RECORDS SUPPLIED:
* * * * * * *

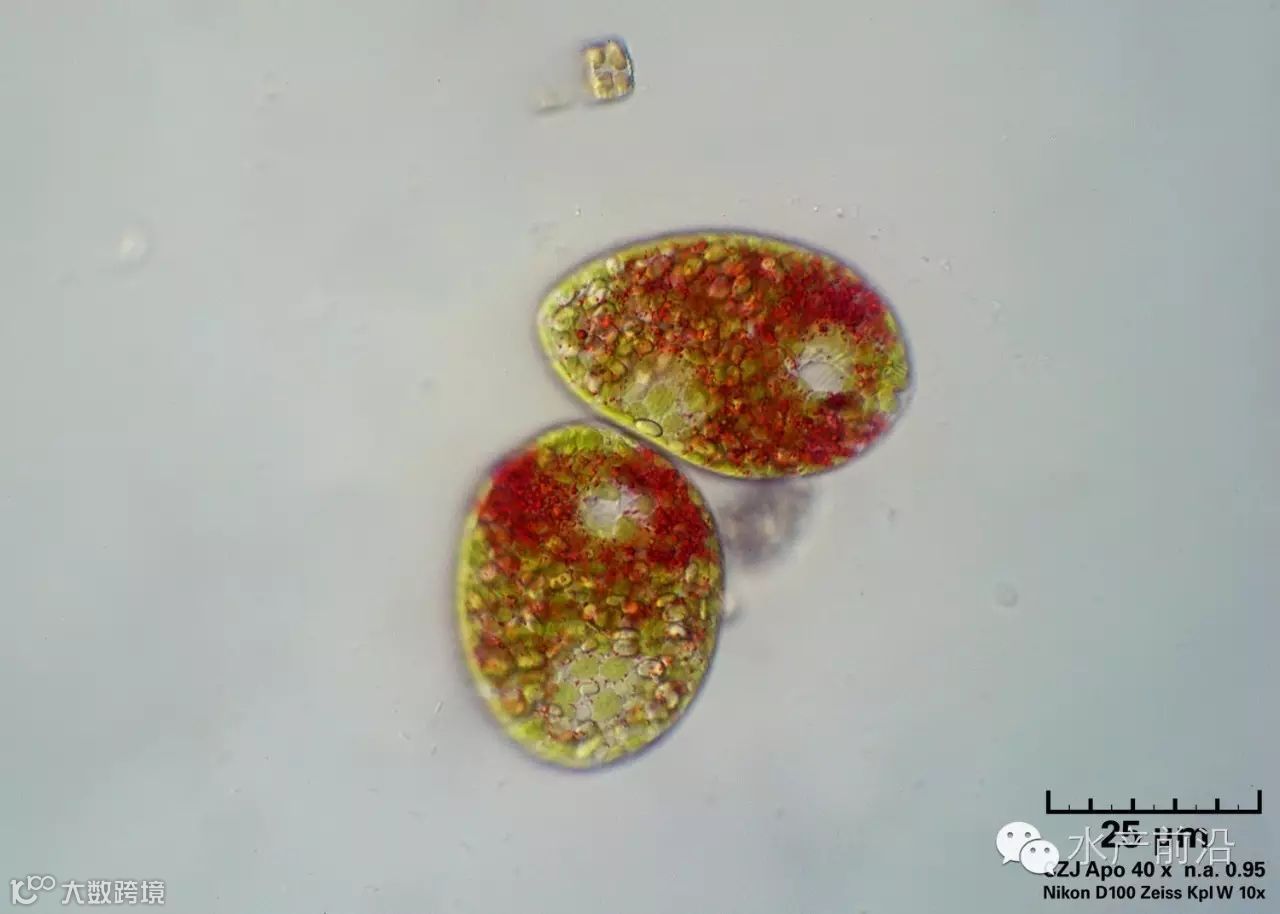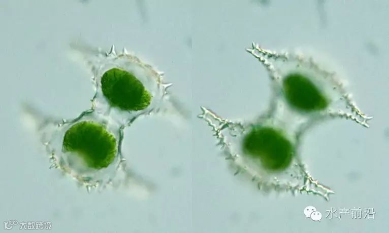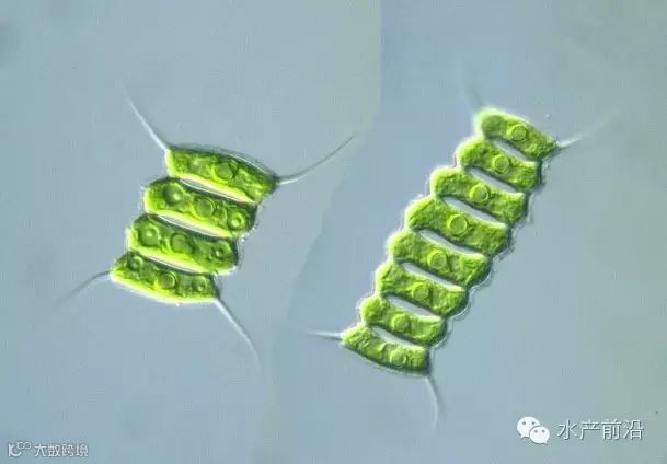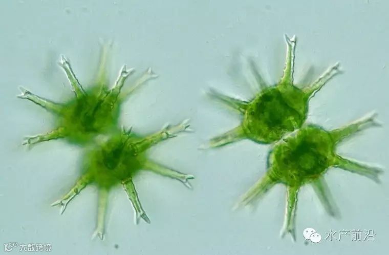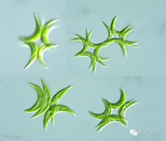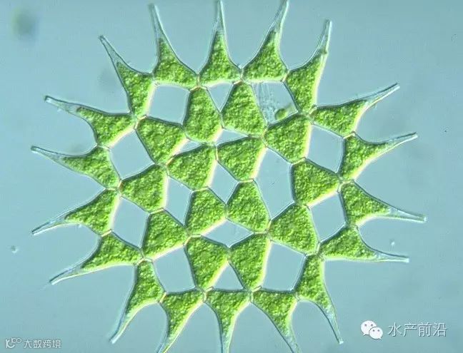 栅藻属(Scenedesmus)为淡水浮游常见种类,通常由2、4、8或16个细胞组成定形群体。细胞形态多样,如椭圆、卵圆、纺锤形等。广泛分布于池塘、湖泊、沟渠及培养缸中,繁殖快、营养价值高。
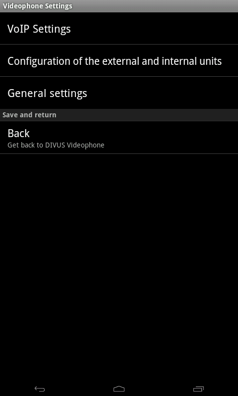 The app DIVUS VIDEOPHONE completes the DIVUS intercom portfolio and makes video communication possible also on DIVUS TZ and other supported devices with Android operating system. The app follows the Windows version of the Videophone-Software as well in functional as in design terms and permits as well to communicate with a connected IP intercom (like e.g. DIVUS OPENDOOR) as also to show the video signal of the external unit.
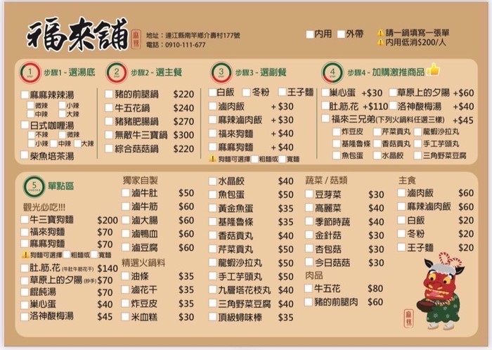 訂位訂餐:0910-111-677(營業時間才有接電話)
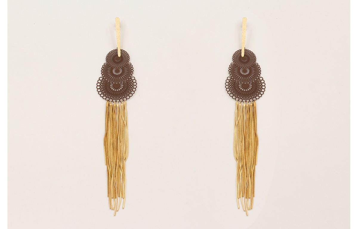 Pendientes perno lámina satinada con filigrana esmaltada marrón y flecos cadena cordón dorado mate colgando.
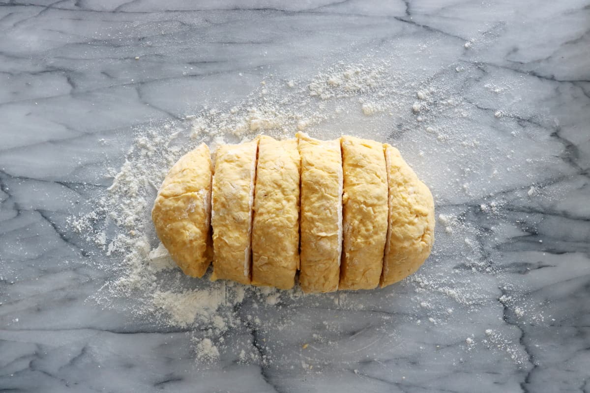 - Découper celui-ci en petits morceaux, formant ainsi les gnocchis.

* * * * * * *

Each line from the one with "訂位訂餐:0910-111-677(營業時間才有接電話)" to the final line of the data above is to be printed exactly; no picture should appear in the copy.

YOUR SOLUTION:
 訂位訂餐:0910-111-677(營業時間才有接電話)
 Pendientes perno lámina satinada con filigrana esmaltada marrón y flecos cadena cordón dorado mate colgando.
 - Découper celui-ci en petits morceaux, formant ainsi les gnocchis.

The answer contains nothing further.